The two are not interchangeable. You can hit a high kW-per-rack total with modest per-U loads spread over 42U, or you can concentrate an extreme per-U load into a handful of slots. AI kit does the second, and that is what breaks conventional halls. A rack is not limited by empty space - it is limited by how many watts you can feed in and pull back out as heat before the slot, the busbar or the air handling gives up.
Getting these units right is the whole game when you size a deployment. Our AI GPU calculator works in exactly these terms, translating a target model or GPU count into the kW-per-rack and cooling class you will need to provision.
The old normal: UK halls built for 5-15 kW
For two decades the British colocation and enterprise standard barely moved. A basic cabinet was provisioned at 3-5 kW, a well-loaded enterprise rack at 5-10 kW, and a modern high-containment rack pushed 10-15 kW while still being cooled by air.

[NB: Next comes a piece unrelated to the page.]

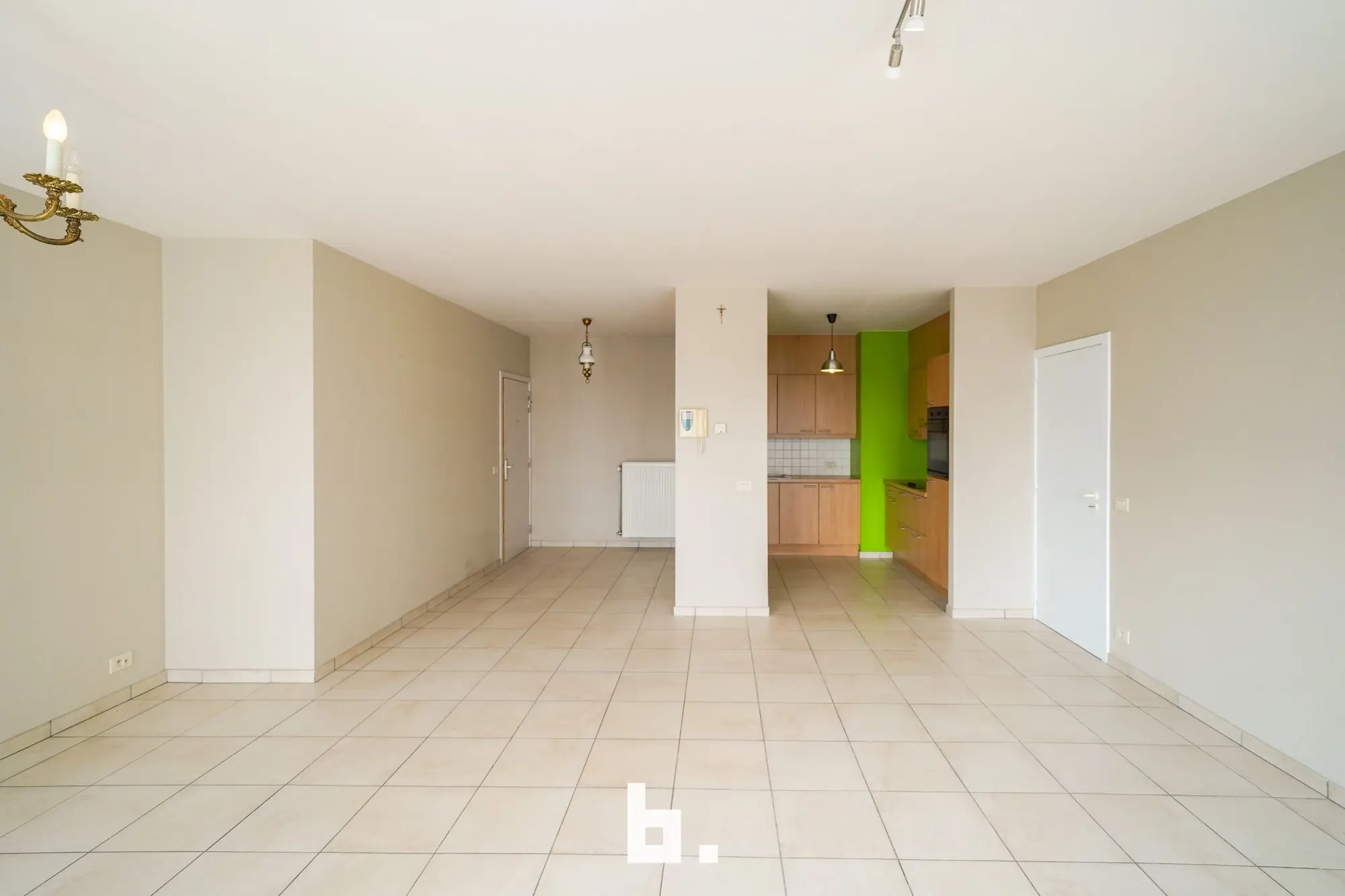 Het appartement omvat een lichtrijke grote woonkamer, praktische keuken, 2 slaapkamers, badkamer met lavabo en douche, berging met plaats voor wasmachine en gastentoilet.

The Uptime Institute's 2025 Global Data Center Survey puts the worldwide mean rack density at just 7.6 kW, up only fractionally from 6.8 kW the year before - and it notes that few facilities exceed 30 kW at all.
That number matters because it describes the installed base most UK operators are still running. Raised floors, computer-room air handlers and three-phase power distribution were all engineered around single-digit kilowatts per rack. A hall commissioned in 2015 for a 5 kW average is a perfectly good hall - for the workloads it was designed for. The problem is not that these facilities are broken. It is that a new class of hardware has arrived that ignores their assumptions entirely.

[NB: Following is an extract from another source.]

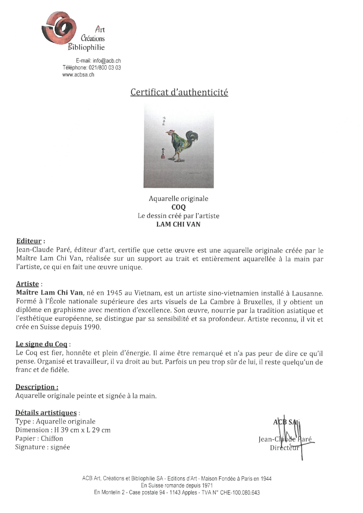 Certificat d’authenticité remis pour tous achats de nos produits.
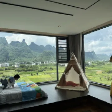 很美的酒店,入住的時候正好是週末,遇龍河的金龍巡有,第一晚在橋附近看的,第二晚在酒店房間也能看到遠遠的煙花。超值。 這家酒店有泳池,有電梯,租電瓶車方便,飯菜也很好吃。主要是量超級大。 真的很愛定的親子套房,躺在床上就是看山看水。 離富里橋和遇龍河金龍巡遊都挺近的,不過步行有距離。電瓶車可以。 推薦!有機會會再去的。

This is also why the refurbished and prior-generation market stays healthy: plenty of mainstream compute still fits comfortably inside 5-15 kW envelopes. If your workload is virtualisation or general enterprise IT rather than large-model training, kit from the refurbished server tier will slot into an existing hall without any power or cooling drama.

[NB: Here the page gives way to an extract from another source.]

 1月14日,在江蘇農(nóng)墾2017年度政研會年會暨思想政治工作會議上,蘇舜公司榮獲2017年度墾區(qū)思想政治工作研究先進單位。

The culprit: a GPU that eats 1,200-2,300 watts
The density jump starts at the chip. A mainstream CPU server draws a few hundred watts. A single NVIDIA Blackwell B200 GPU is rated at around 1,000 W air-cooled and up to 1,200 W in its liquid-cooled form - roughly a 43% jump over the 700 W Hopper H100 it replaced. The next generation goes further: NVIDIA's Vera Rubin GPU (the VR200 part) is reported to have been pushed to a 2,300 W thermal design power in its top 'Max-P' configuration, nearly double a liquid-cooled Blackwell.
Put that in perspective. One Rubin GPU at 2,300 W draws more power than a whole 1U enterprise server did a few years ago - and an AI compute tray holds several of them. When each accelerator is a kilowatt-plus space heater, and you pack dozens into a rack to feed a single training job over a high-bandwidth fabric, the rack total climbs into territory no air-cooled hall was ever meant to handle.
For the full component picture - GPU specs, power draw, vendors and system-level numbers - our AI server data study keeps a cited reference dataset you can dig into.
How 72 GPUs become 120 kW: inside the NVL72
The flagship example is NVIDIA's GB200 NVL72. It packs 72 Blackwell GPUs and 36 Grace CPUs into a single liquid-cooled rack across 18 compute trays, wired together as one giant accelerator by an NVLink fabric. NVIDIA specifies the rack at 132 kW nominal thermal design power, with observed full-load draw of 130-132 kW and a peak electrical design point around 192 kW (about 1.5x the nominal). The commonly quoted 120 kW is the working figure operators plan around.
That 120-132 kW is roughly 8-15 times a well-filled UK enterprise rack of 8-15 kW, and about 25 times a legacy 5 kW cabinet. It is around 3x a fully loaded air-cooled HGX H100 rack, which NVIDIA's own reference design caps near 41 kW. In one 600mm footprint you have concentrated the power of a small server room.
And this is not the ceiling. The Rubin-based VR200 NVL72 shipping through 2026 is projected to draw roughly 190-230 kW per rack, and the 2027 'Kyber' Rubin Ultra rack is specified at around 600 kW, with 1 MW-class racks openly discussed behind it. Rack power density is not settling at a new normal - it is still climbing steeply.
The cooling cliff: why air runs out near 20 kW
Density is ultimately a thermal problem: every watt in becomes a watt of heat to remove. Traditional air cooling has a hard practical ceiling. ASHRAE's TC 9.9 guidance classifies anything above 20 kW per rack as high-density and points operators towards water-based cooling; in the field, 15-20 kW is where well-contained air realistically tops out. Enhanced techniques - hot/cold-aisle containment and rear-door heat exchangers - stretch that to roughly 40-50 kW, but at rising cost and complexity.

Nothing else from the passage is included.